Abstract:
Phishing is a deceptive culture and a shape of a cyber-attack schematic which evolved with the sole
intention of collecting confidential information by containing the camouflage of the original
website. Most of the people lead a broad range of business online, they can offer and purchase
merchandise, perform diverse banking deeds and indeed take part in political and social selection
through online vote casting. Neither purchaser nor vendor needs to meet for any type of transaction
and a purchaser can in some cases be trading with a deceptive business that does not really exist.

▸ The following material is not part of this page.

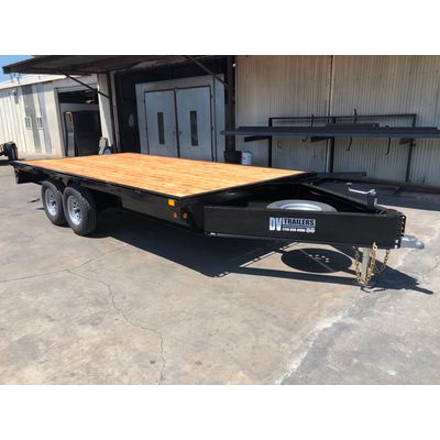 Dual 5200lb axles (6000 pound rated beams) with electric brakes on both axles, 12” I-Beam constriction, stake pockets and rub-rail, 102” wide deck, 8000 pound rated tongue jack, 235/80R16 tires, LED tail lights, 2 year warranty, NATM certified. Available Sizes: 102”x16, 102”x20.

An ordinary hazard comes from reputed phishing websites, which have become an issue for online
banking and e-commerce clients. Phishing websites endeavor to trap individuals into uncovering
secure data in order for the fraudster to get to their accounts. The websites that look like
legitimate entities used for users who lack knowledge of browser clues and security
indicators.
The aim of the study is to propose an intelligent framework to detect phishing URLs which
generates a scientific report by evaluating various multi-layer approaches. This scientific report
provides information on the best architecture for phishing URLs detection and also helps antiphishing tools developers to make an initial decision about approach that should be followed.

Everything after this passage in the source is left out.